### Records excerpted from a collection
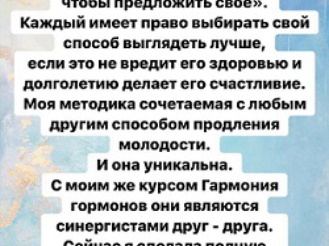 Курс «Гармония гормонов» - обучение участников сохранению и восстановлению фундамента молодости и здоровья с помощью методов натуропатии. Курс содержит мощнейшие техники: 1. Активациии эндокринных желёз 2. Восстанавливающими работу рецепторов к гормонам 3. Направленные на устранения дефицита
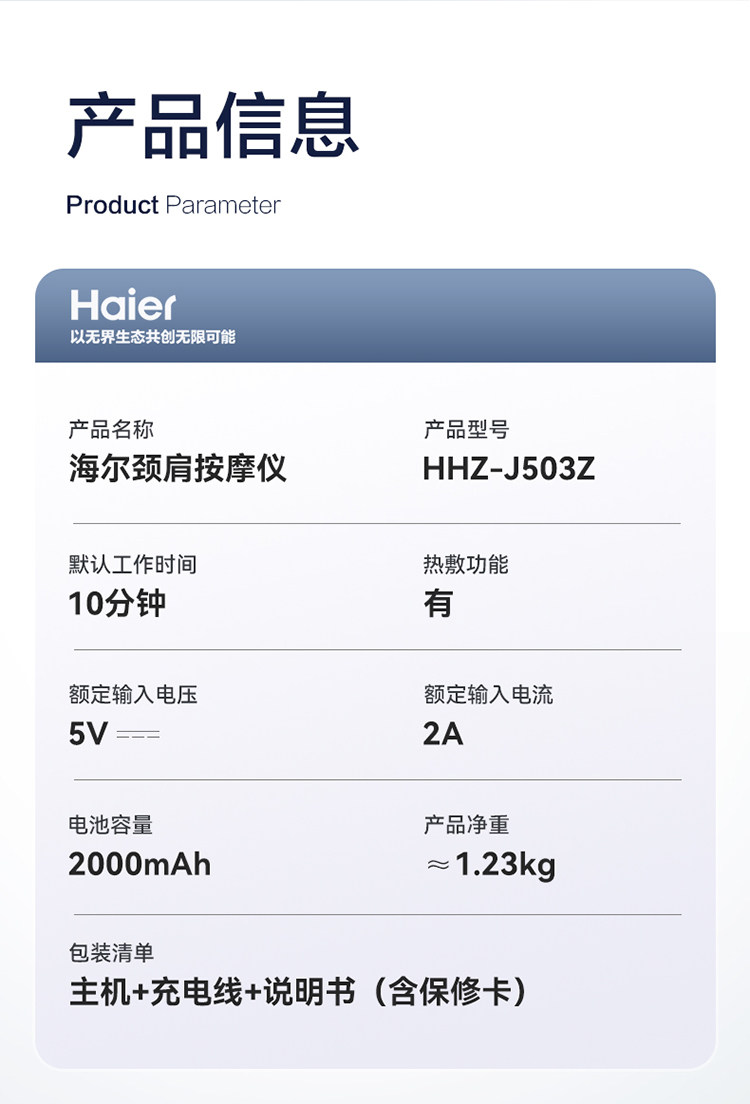 Haier/海尔颈椎按摩器肩颈按摩仪颈部斜方肌腰部背部热敷圣诞礼物
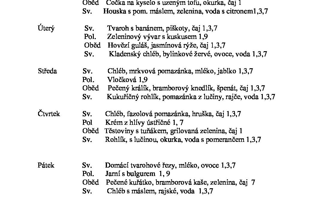 Jídelní lístek 8.9. – 12.9.2025
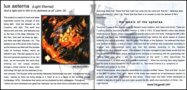 Back in 1997, Nick Beggs along with David Fitzgerald recorded an album of religious material entitled Lux Aeterna.
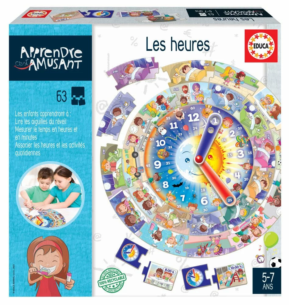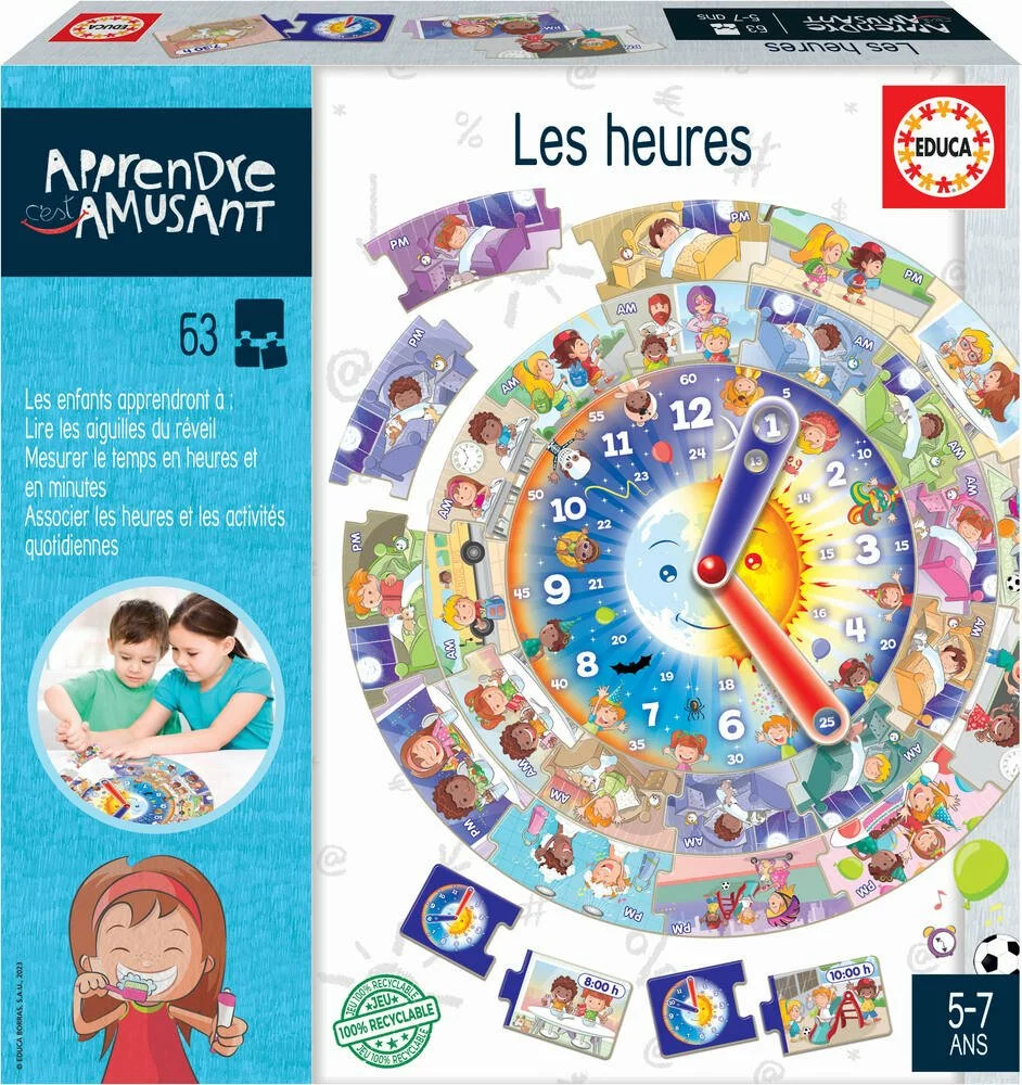 Apprends à lire l’heure et à l’associer à tes activités. 1 horloge à monter, 39 pièces d’heures et de scène et 12 pièces d’heures analogiques et numériques fournis.
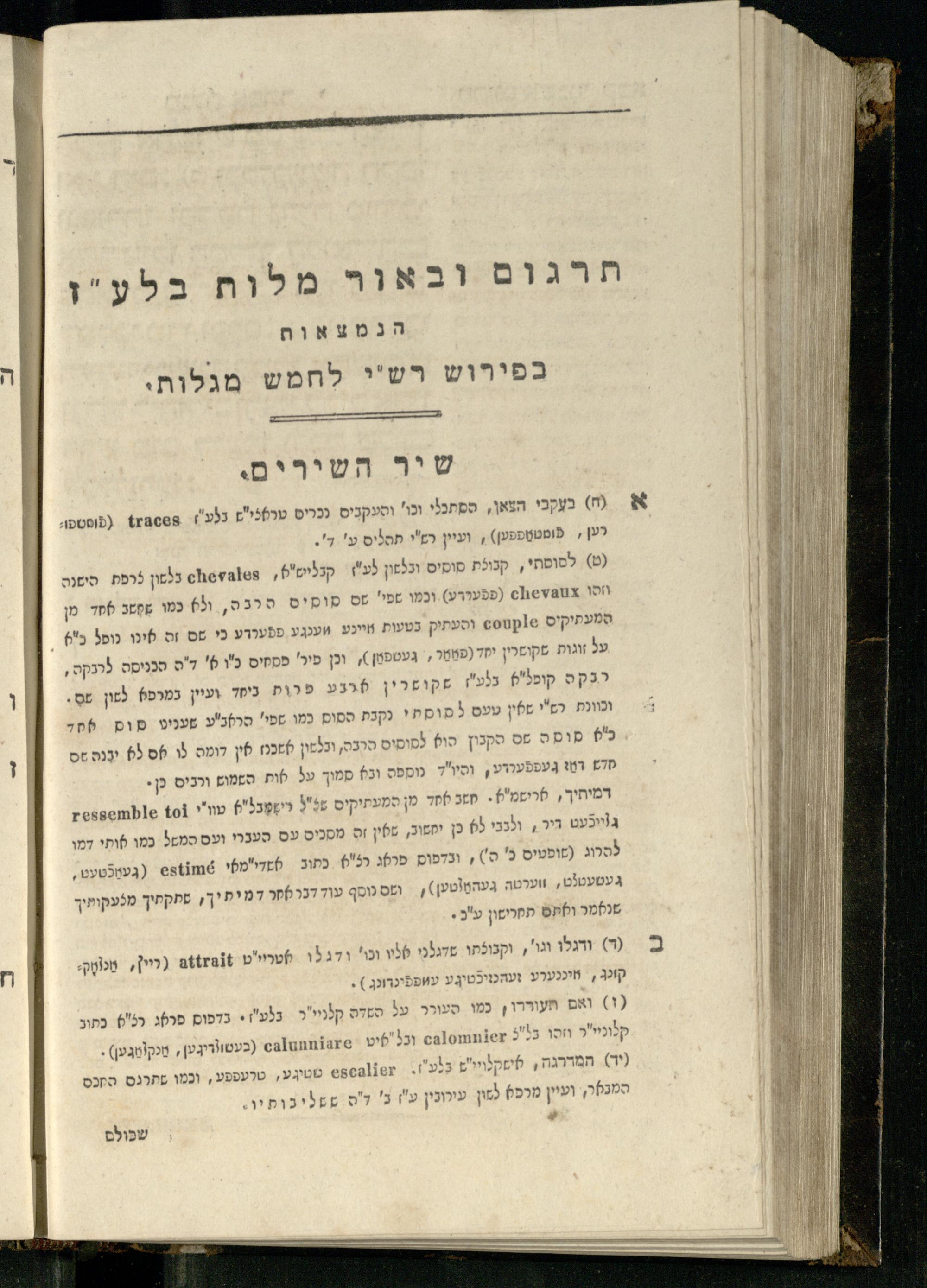 20 (1833) Ḥamesh megilot : ʿim Perush Rashi targum Ashkenazi u-veʾur : hugah bi-sheḳidah rabah u-ve-ʿiyun gadol ṿe-nosaf mavo ha-sheni ʿal megilat Rut, Ekhah, Ḳohelet, ṿe-Ester ; ṿe-ha-meʿamer ʿal kol megilah u-megilah / me-et ha-ḥakham ha-medaḳdeḳ mo.h.r.R. Ṿolf Meʾir (moreh lashon ʿIvri be-vet ḥinukh ha-normali asher be-Prag) ; ṿa-ani ha-madpis hosafti gam targum u-veʾur ʿal milot be-laʿaz ha-nimtsaʾot be-Fe. Rashi z.l.20 (1833) חמש מגילות : עם פירוש רש״י תרגום אשכנזי ובאור : הוגה בשקידה רבה ובעיון גדול ונוסף מבוא השני על מגילת רות, איכה, קהלת, ואסתר; והמעמר על כל מגלה ומגלה / מאת החכם המדקדק מוהר״ר וואלף מאיר (מורה לשון עברי בבית חנוך הנארמאלי אשר בפראג) ; ואני המדפיס הוספתי גם תרגום ובאור על מלות בלע"ז הנמצאות בפירוש״י ז״ל

### WHAT YOU NEED TO DO
The expected answer is the complete set of entries, copied verbatim, with no pictures.

### RESULT
 Курс «Гармония гормонов» - обучение участников сохранению и восстановлению фундамента молодости и здоровья с помощью методов натуропатии. Курс содержит мощнейшие техники: 1. Активациии эндокринных желёз 2. Восстанавливающими работу рецепторов к гормонам 3. Направленные на устранения дефицита
 Haier/海尔颈椎按摩器肩颈按摩仪颈部斜方肌腰部背部热敷圣诞礼物
 Jídelní lístek 8.9. – 12.9.2025
 Back in 1997, Nick Beggs along with David Fitzgerald recorded an album of religious material entitled Lux Aeterna.
 Apprends à lire l’heure et à l’associer à tes activités. 1 horloge à monter, 39 pièces d’heures et de scène et 12 pièces d’heures analogiques et numériques fournis.
 20 (1833) Ḥamesh megilot : ʿim Perush Rashi targum Ashkenazi u-veʾur : hugah bi-sheḳidah rabah u-ve-ʿiyun gadol ṿe-nosaf mavo ha-sheni ʿal megilat Rut, Ekhah, Ḳohelet, ṿe-Ester ; ṿe-ha-meʿamer ʿal kol megilah u-megilah / me-et ha-ḥakham ha-medaḳdeḳ mo.h.r.R. Ṿolf Meʾir (moreh lashon ʿIvri be-vet ḥinukh ha-normali asher be-Prag) ; ṿa-ani ha-madpis hosafti gam targum u-veʾur ʿal milot be-laʿaz ha-nimtsaʾot be-Fe. Rashi z.l.20 (1833) חמש מגילות : עם פירוש רש״י תרגום אשכנזי ובאור : הוגה בשקידה רבה ובעיון גדול ונוסף מבוא השני על מגילת רות, איכה, קהלת, ואסתר; והמעמר על כל מגלה ומגלה / מאת החכם המדקדק מוהר״ר וואלף מאיר (מורה לשון עברי בבית חנוך הנארמאלי אשר בפראג) ; ואני המדפיס הוספתי גם תרגום ובאור על מלות בלע"ז הנמצאות בפירוש״י ז״ל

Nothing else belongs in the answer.